» TASK DESCRIPTION:
Repeat the listing below word for word, minus the pictures.

» RECORDED DATA:
━━━━

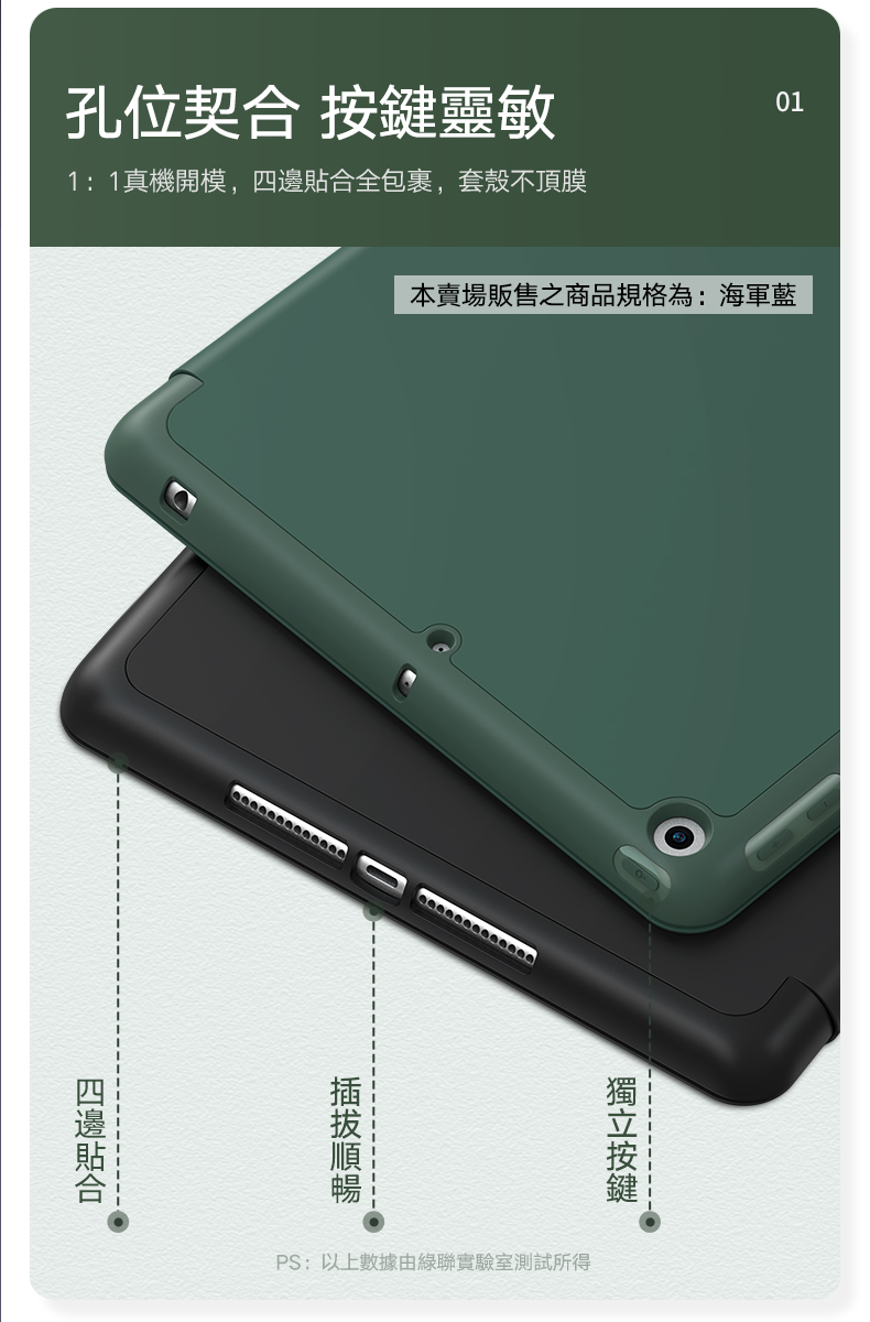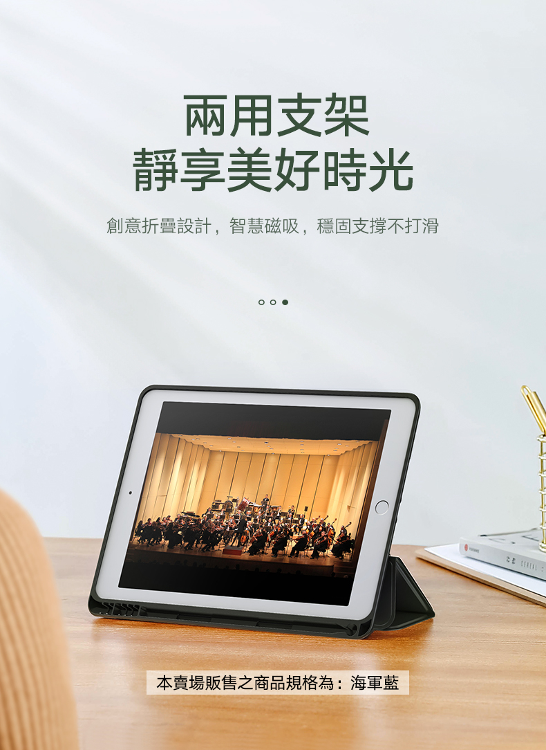 綠聯 iPad Air 10.5英寸保護套 帶筆槽三折款 海軍藍
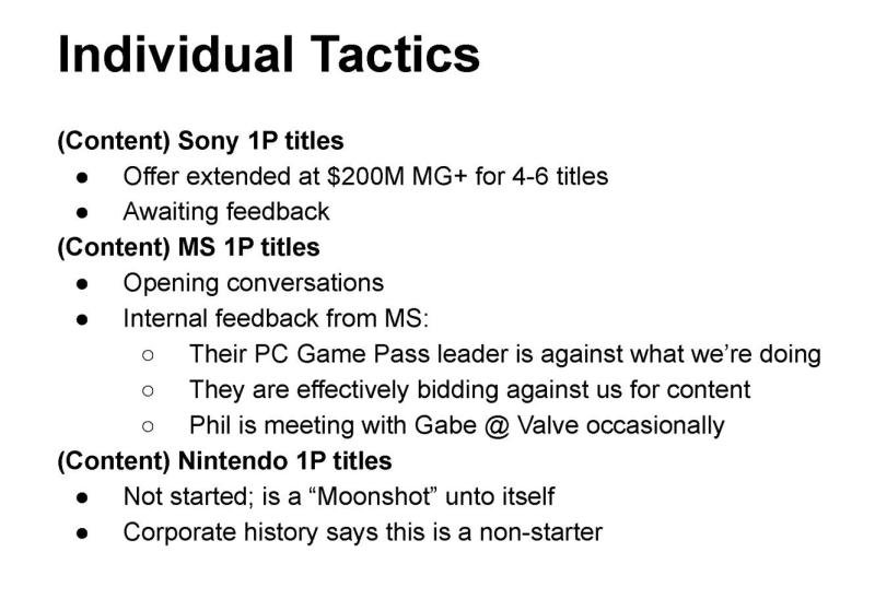 Por el lado de Xbox, se indica que Epic estuvo en conversaciones con Phil Spencer, jefe de la división de juegos de Microsoft, pero tras la revelación del proyecto Xbox Game Pass, algo contrario al modelo de negocios dentro de Epic Games.
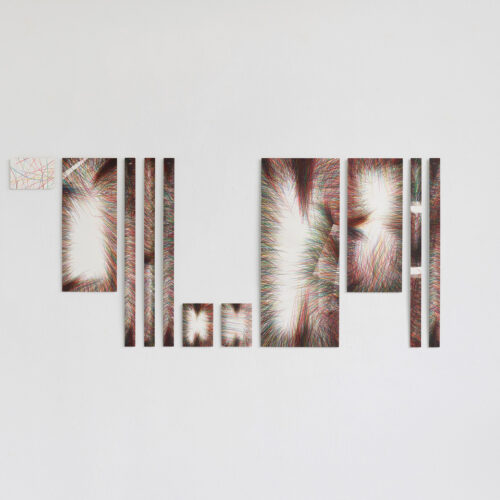 Ausstellungsansicht im T66, Über den Rand 5B 2024, Buntstifte auf Papier, 201 x 163 cm, (Außenmaße variabel) 16,8 x 11,5 cm (kleinste), 72,2 x 29,9 cm (größte),

━━━━

» OUTPUT FOR THIS TASK:
 綠聯 iPad Air 10.5英寸保護套 帶筆槽三折款 海軍藍
 Por el lado de Xbox, se indica que Epic estuvo en conversaciones con Phil Spencer, jefe de la división de juegos de Microsoft, pero tras la revelación del proyecto Xbox Game Pass, algo contrario al modelo de negocios dentro de Epic Games.
 Ausstellungsansicht im T66, Über den Rand 5B 2024, Buntstifte auf Papier, 201 x 163 cm, (Außenmaße variabel) 16,8 x 11,5 cm (kleinste), 72,2 x 29,9 cm (größte),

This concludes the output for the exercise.